What I understood then to be a matter of fact, I see so much more clearly now as a matter of sacrifice. As a mother of several children of my own, there is very little free time to do anything, let alone chat with friends on the phone. When I do have a minute to myself, I run and hide with a piece of chocolate or maybe I sneak up to the terrace to sit on the porch swing and watch the birds fly by. I prefer to spend the phantom free moments in my life on myself, but my mother spent hers on the phone, reaching out to other people. My mother was modeling what it looks like to be a friend.
Even now, I struggle to maintain the true and precious friendships I already have, let alone reach out and make new ones. My friends will probably laugh after reading that sentence, because they know they do most of the maintenance in our relationship. Somehow, after college, or maybe marriage, or maybe children, I forgot how to make friends. I can’t blame my life season, though, because as I reflect on my personal history, I think I have always entered into relationships in a self-centered way: Do I like this person? Are we kindred spirits? What do I get out of this friendship? Is it life-giving? Do I enjoy it? I am also pitifully weak when it comes to navigating the waters of small talk, which is a fairly integral part of starting a friendship. I want to jump right into the good stuff—past utility, past pleasure even, and right into the deep waters of the heart.

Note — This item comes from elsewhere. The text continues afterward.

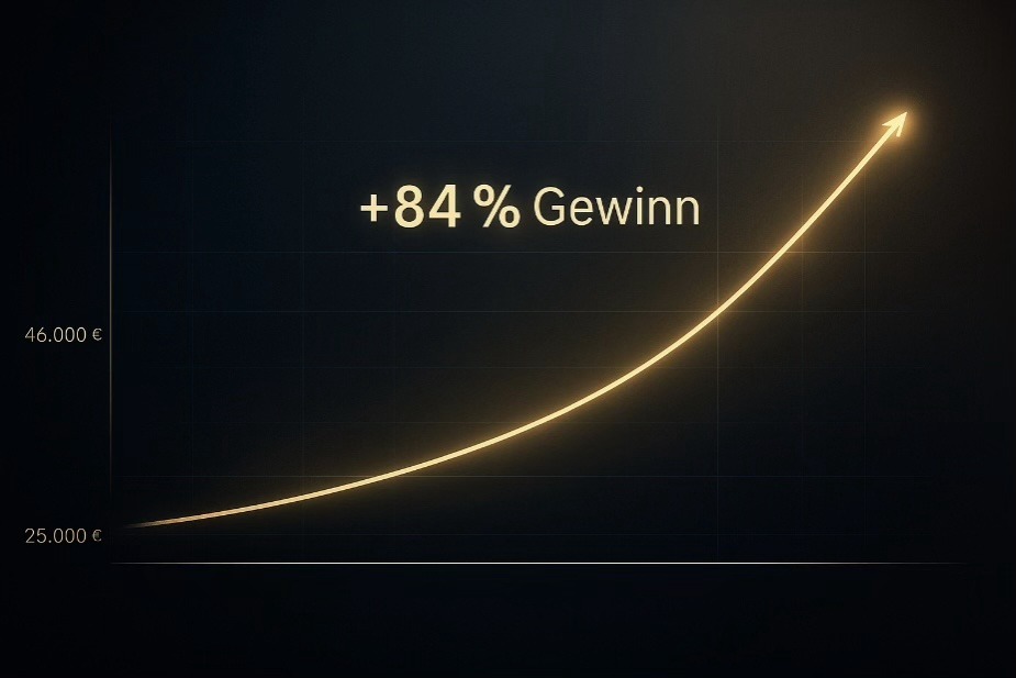 Das entspricht einem Gewinn von 21.000 Euro – oder +84 % Gesamtperformance. In wenigen Monaten.

There is something lazy about jumping right in. It avoids all the minutia, all the hard work. It avoids the intentional phone call that remembers a detail or the gracious text that recalls something particular. I want easy friendships that explode like fireworks and sear in alliance by mutual passions and connections. And I want them to come quickly.
I want to blame my life season for my small and homogenous friend group. But I don’t think that’s my problem. I think the merging of my life-season with this memory of my mother might be the one of the greatest gifts in the shaping of my character. Because my mother had a lot of friends, and as I look to the left and look to the right and see few obvious friends at my beck and call, I realize that real friendships are not based on who you know, or where you went to school. They begin when we reach out of our own lives and extend a hand or make space for another to move in. It happens when you make an effort to take interest in a life that does not necessarily intersect our own. Like my mother used to settle us down for some quiet time in the afternoon and before clearing up the dishes from lunch or wiping down the counter, she picked up the phone and called a friend to talk about the little things, or maybe the big things. To celebrate the triumphs or mourn the defeats in their respective days. She didn’t take a coveted nap or get started on dinner so that her evening would run more smoothly. She picked up the phone and called a friend. That was how she made them - and that was how she kept them.
In a world where we are often measured by the “likes” of distant acquaintances or an arbitrary page tells us we have thousands of “friends,” friendship is something of a lost art. But I think it begins in reaching out of the never-ending busy that is life, and making the effort to start the conversation. To set aside our own felt needs in a way that feels sacrificial in the moment, but that, I am told, is well worth the investment. In this way, it returns itself to the one who begins it in the first place—it becomes a safe haven, a respite, a home for the one who lives it day by day. Even if it’s for a few minutes, on the phone.